# [DATA SUPPLIED]
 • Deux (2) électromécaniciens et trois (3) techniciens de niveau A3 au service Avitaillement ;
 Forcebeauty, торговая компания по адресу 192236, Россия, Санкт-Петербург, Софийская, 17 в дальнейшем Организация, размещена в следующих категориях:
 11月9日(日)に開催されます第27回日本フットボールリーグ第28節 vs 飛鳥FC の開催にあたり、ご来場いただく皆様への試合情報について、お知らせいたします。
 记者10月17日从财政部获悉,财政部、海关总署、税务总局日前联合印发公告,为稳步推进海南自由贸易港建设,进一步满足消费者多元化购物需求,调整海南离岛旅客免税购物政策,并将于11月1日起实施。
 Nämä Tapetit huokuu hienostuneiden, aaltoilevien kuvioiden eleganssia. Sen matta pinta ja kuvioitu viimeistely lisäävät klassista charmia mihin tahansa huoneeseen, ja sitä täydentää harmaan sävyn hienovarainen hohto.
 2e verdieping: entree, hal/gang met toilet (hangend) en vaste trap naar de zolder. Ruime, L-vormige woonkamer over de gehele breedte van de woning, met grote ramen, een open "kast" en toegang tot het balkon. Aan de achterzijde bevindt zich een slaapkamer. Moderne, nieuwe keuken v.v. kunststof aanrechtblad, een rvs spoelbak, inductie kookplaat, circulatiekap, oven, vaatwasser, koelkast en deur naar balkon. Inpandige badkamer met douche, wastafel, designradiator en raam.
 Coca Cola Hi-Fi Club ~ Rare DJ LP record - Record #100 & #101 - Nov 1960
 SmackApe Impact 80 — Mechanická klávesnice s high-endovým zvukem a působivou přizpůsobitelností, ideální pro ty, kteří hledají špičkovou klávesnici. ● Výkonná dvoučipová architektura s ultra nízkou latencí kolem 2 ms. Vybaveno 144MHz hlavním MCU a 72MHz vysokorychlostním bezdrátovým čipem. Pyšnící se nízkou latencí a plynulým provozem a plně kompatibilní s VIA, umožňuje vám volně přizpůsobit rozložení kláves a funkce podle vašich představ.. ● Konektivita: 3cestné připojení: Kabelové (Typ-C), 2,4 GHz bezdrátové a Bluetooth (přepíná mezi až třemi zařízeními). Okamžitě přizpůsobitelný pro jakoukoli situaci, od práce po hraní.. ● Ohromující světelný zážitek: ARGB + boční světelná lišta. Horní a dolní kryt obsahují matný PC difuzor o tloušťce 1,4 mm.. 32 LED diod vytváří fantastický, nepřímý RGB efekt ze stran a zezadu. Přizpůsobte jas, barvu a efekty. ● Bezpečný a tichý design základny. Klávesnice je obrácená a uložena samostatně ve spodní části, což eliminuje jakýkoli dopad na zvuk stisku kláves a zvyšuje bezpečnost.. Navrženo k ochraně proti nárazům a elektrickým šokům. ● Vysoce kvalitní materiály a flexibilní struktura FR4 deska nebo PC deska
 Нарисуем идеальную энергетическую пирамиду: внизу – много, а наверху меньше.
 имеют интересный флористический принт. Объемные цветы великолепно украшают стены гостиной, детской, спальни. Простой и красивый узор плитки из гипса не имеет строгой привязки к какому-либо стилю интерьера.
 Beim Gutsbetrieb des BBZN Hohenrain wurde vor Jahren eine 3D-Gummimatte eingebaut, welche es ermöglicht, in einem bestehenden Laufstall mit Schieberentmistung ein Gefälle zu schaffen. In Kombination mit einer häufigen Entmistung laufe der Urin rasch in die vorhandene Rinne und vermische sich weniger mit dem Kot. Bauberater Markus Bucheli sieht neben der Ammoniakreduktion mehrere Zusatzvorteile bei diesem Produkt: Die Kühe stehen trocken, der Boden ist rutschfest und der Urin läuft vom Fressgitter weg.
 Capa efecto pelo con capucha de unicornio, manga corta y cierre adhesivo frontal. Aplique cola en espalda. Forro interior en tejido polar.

# [PROBLEM REQUIREMENTS]
Reproduce exactly, and only, the part of the listing above that begins at the line with "Нарисуем идеальную энергетическую" and goes on through the line with "имеют интересный флористический".

# [EXERCISE RESPONSE]
 Нарисуем идеальную энергетическую пирамиду: внизу – много, а наверху меньше.
 имеют интересный флористический принт. Объемные цветы великолепно украшают стены гостиной, детской, спальни. Простой и красивый узор плитки из гипса не имеет строгой привязки к какому-либо стилю интерьера.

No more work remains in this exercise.